Started by June 28, 2001 11:33 PM
10 comments, last by Ratman 23 years, 7 months ago
quote:
Original post by Stoffel
We''ve had the unfortunate experience once or twice of using container that automatically grow without bounds and release memory once they''re destroyed. The problem is, if they''re really growing without bounds, you can overflow your memory and kill your system resources, even if you deallocate the memory at the end of the program --this does not show up in bounds checker or any "leak detection" utility.



Actually I believe you can do that with Midnight''s code (or by writing your own memory manager). It doesn''t just detect memory leaks, but also array bounds being overwritten, memory consumtion, etc, etc.

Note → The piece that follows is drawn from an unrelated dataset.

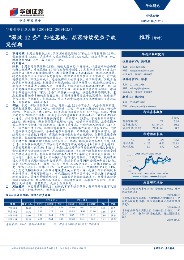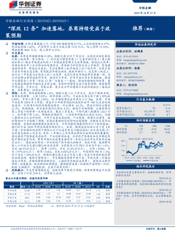 【华创证券】【20191027】非银金融行业周报:“深改12条”加速落地,券商持续受益于政策预期-20页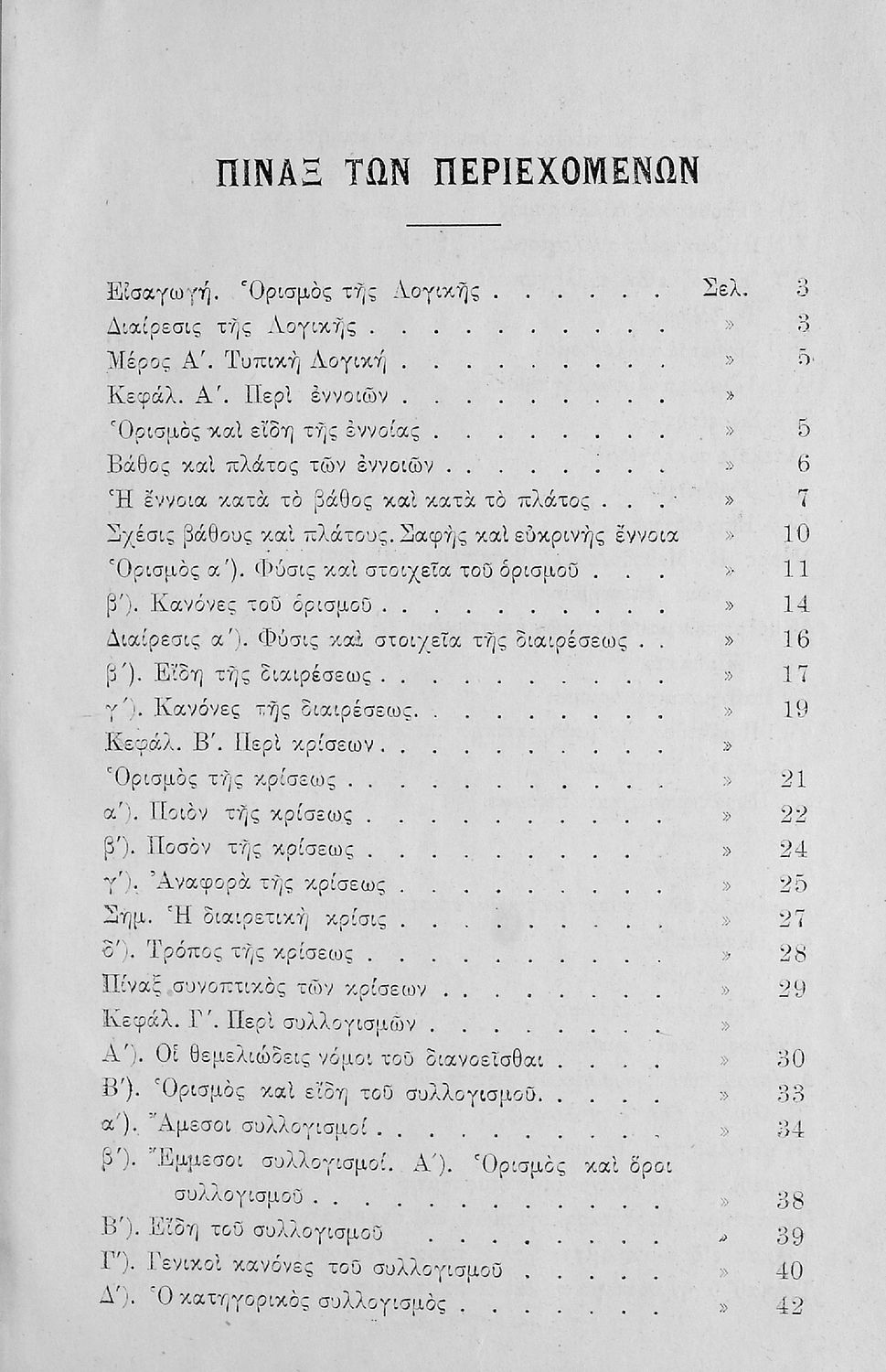 Σχολικό εγχειρίδιο Λογικής Γυμνασίου που είναι χωρισμένο σε στοιχειολογία και μεθοδολογία. Ο συγγραφέας ήταν Δρ Φιλοσοφίας και καθηγητής στη Ριζάρειο Σχολή και το Αρσάκειο Παρθεναγωγείο.

Since all memory allocation must go through that code, you can generate stats on just about anything, including printing out the most memory consumed at any point the in program with which allocations consumed the most memory and the exact line of code that allocation took place. You may have to write a few new functions to do this, but it''s not hard.

Although I will conceed that Performance Monitor is a great tool. It allows you to quickly and easily see if certain memory problems exist, among other things, then you can use your own tools to track the problem down.


- Houdini

- Houdini
One approach that''s worked well for me is to use an abstract allocator interface for all memory allocation, i.e. something with unimplemented methods for malloc, realloc, free, and so forth. The default implementation for this does nothing but punt down to the actual malloc/free/etc, but you can set it up to use other allocators for more extensive integrity checks, or other operations including leak tracking.

Some other leak-tracking methods are able to report the location of an allocation, but when you''re inside a small frequently-used function then it''s difficult to track down the real cause of the leak based on this information alone. A more descriptive call stack would provide this information, though, and Win32''s dbghelp functions like StackWalk, SymGetSymFromAddr, etc. are very useful for this. For my leak-tracking allocator, i do a stack walk for the most recent 8 calls on the stack, and store the addresses with the allocated memory block. Sure it''s an extra 32 bytes consumed per allocation, but it''s only necessary when you''re trying to track down leaks. The allocator also keeps track of all the allocated blocks in a doubly linked list (another 8 bytes per allocation, so it''s 40 bytes total). As blocks are allocated/freed, the linked list is modified accordingly. Finally, when I exit the application, the allocator dumps out all remaining blocks in the list, along with the call stack at the time of the allocation. Makes tracking down leaks *very* easy. I''ve seen this same idea mentioned recently in some postmortem in Game Developer magazine, and apparently it worked well for them too.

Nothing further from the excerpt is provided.